Radio tracking of the spacecraft during the 24 hours after the maneuver
showed it to be right on course for its landing inside Mars' Gusev Crater
at 04:35 Jan. 4, 2004, Universal Time (8:35 p.m. Jan. 3, Pacific Standard
Time.) Spirit's twin, Opportunity, will reach Mars three weeks later.
"The maneuver went flawlessly," said Dr. Mark Adler, Spirit mission manager
at NASA's Jet Propulsion Laboratory, Pasadena, Calif.

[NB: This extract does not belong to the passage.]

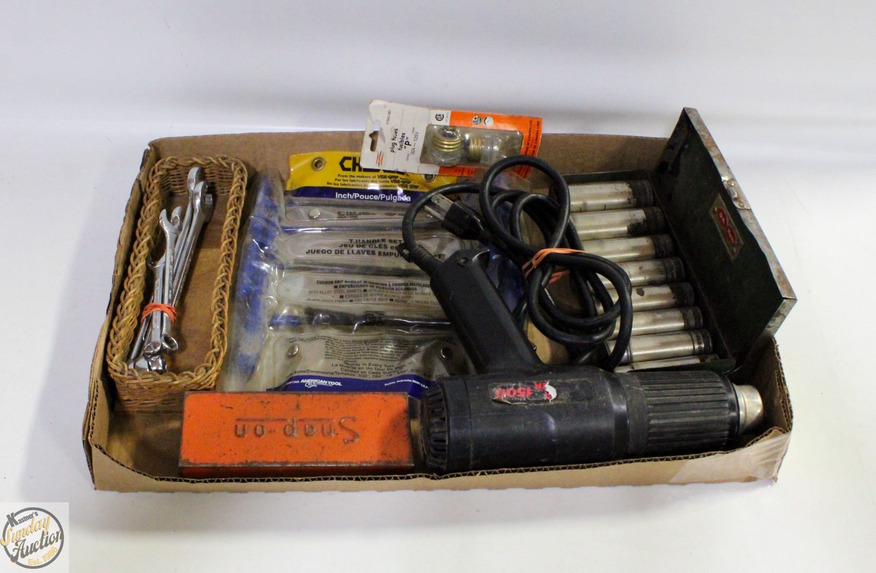 VINTAGE SNAP-ON CASE WITH BITS, CHESCO T-HANDLE SET, SUPERSTRIPPER 1500 (WORKS), 5 WRENCHES: V-OPEN END RATCHET & MORE **ALL ITEMS MUST BE REMOVED BY 5PM SATURDAY, NOVEMBER 15TH 2025. ALL REMAINING ITEMS WILL BE SUBJECT TO A $6.00 PER DAY STORAGE CHARGE. ANY ITEMS REMAINING AFTER MONDAY, DECEMBER 1ST 2025 WILL BE CONSIDERED FORFEITED. NO REFUNDS WILL BE ISSUED FOR FORFEITED ITEMS. TO SCHEDULE A PICK UP APPOINTMENT

This was Spirit's fourth trajectory correction maneuver since launch on
June 10. Two more are on the schedule for the flight's final three days, if
needed. Adler said, "It seems unlikely we'll have to do a fifth trajectory
correction maneuver, but we'll make the final call Thursday morning after
we have a few more days of tracking data. Right now, it looks as though we
hit the bull's-eye."
The adjustment was a quick nudge approximately perpendicular to the
spacecraft's spin axis, said JPL's Chris Potts, deputy navigation team
chief for the NASA Mars Exploration Rover project. "It moved the arrival
time later by 2 seconds and moved the landing point on the surface
northeast by about 54 kilometers" (33 miles), Potts said. The engine
firing changed the velocity of the spacecraft by only 25 millimeters per
second (about one-twentieth of one mile per hour).

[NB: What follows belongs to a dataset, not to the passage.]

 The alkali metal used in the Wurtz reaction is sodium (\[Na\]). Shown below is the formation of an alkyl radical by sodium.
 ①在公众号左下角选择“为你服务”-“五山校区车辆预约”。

For both NASA rovers approaching Mars, the most daunting challenges will be
descending through Mars' atmosphere, landing on the surface, and opening up
properly from the enclosed and folded configuration in which the rovers
arrive. Most previous Mars landing attempts, by various nations, have
failed.
Each rover, if it arrives successfully, will then spend more than a week in
a careful sequence of steps before rolling off its lander platform. The
rovers' mission is to examine their landing areas for geological evidence
about past environmental conditions. In particular, they will seek
evidence about the local history of liquid water, which is key information
for assessing whether the sites ever could have been hospitable to
life. Opportunity will land halfway around Mars from Spirit.

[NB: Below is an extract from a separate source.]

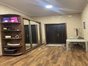 Ev yüksək zövq və keyfiyyətlə təmir olunub. Otaqlarda asılmış çilçıraqları, işıqlandırma sistemi, holl və mətbəxdə isti döşəməsi, tam hazır sanuzelləri var.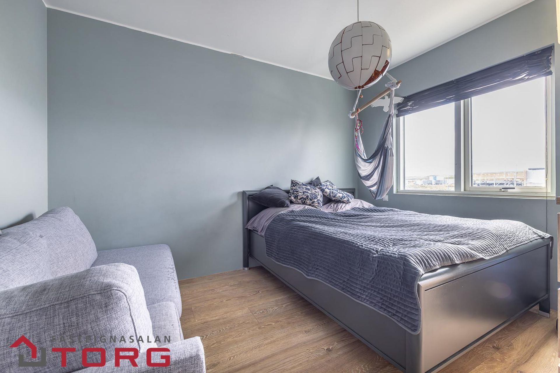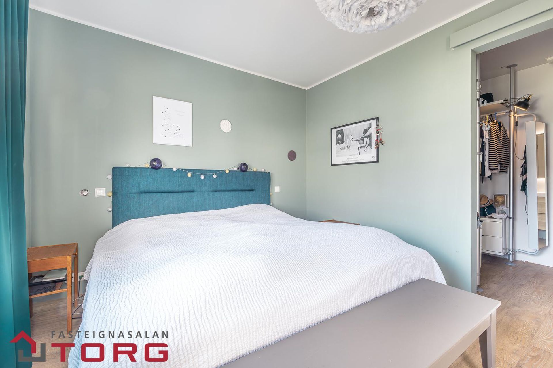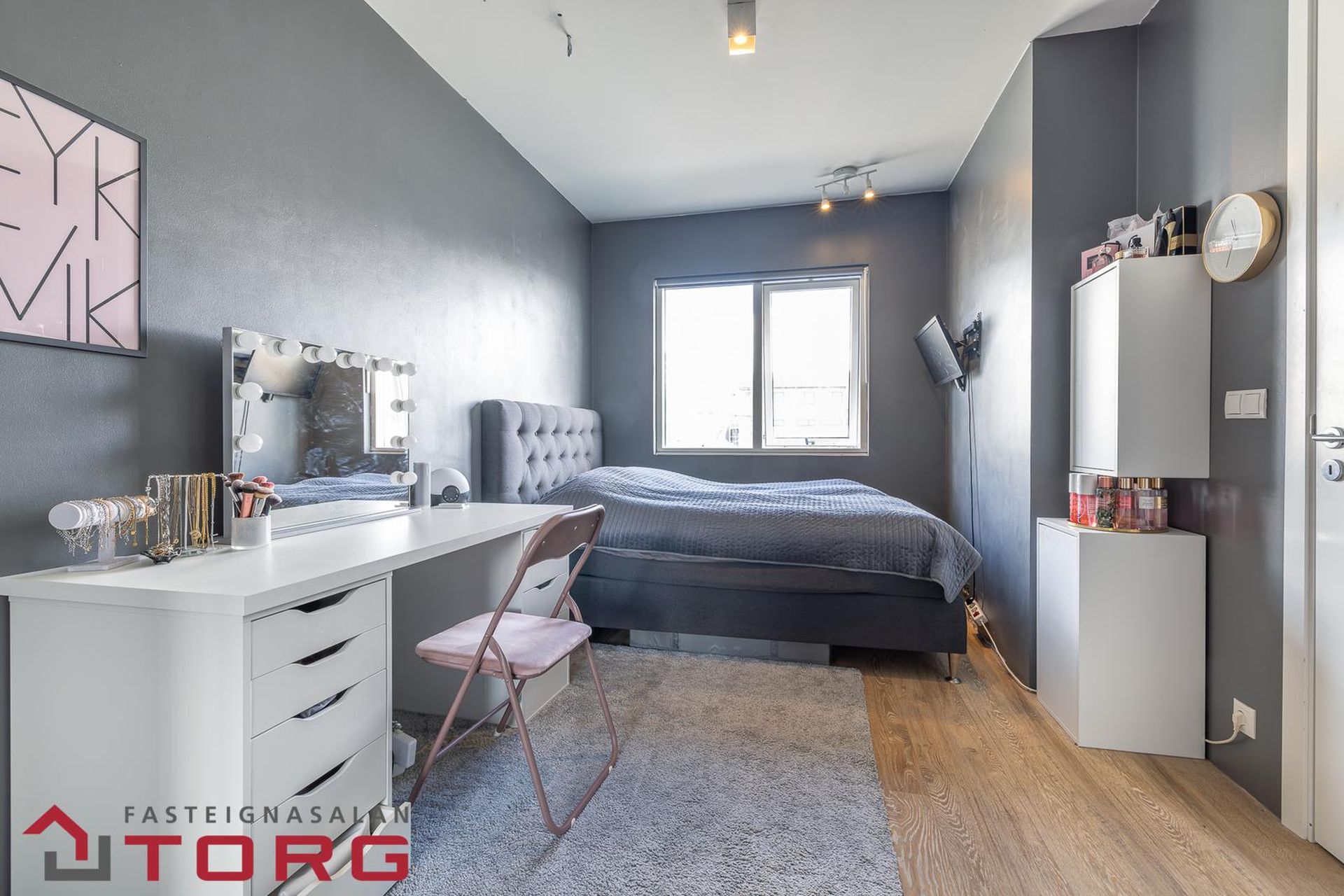 Svefnherbergi I: Rúmgott með fataskáp. Ljóst harðparket á gólfi.

As of 13:00 Universal Time (6 a.m. PST) on New Year's Day, Spirit will have
traveled 481.9 million kilometers (299.4 million miles) since launch and
have will have 5.1 million kilometers (3.2 million miles) left to
go. Opportunity will have traveled 411 million kilometers (255 million
miles) since its July 7 launch and will have 45 million kilometers (27.9
million miles) to go, with three remaining scheduled opportunities for
trajectory correction maneuvers.
JPL, a division of the California Institute of Technology, manages the Mars
Exploration Rover project for NASA's Office of Space Science, Washington.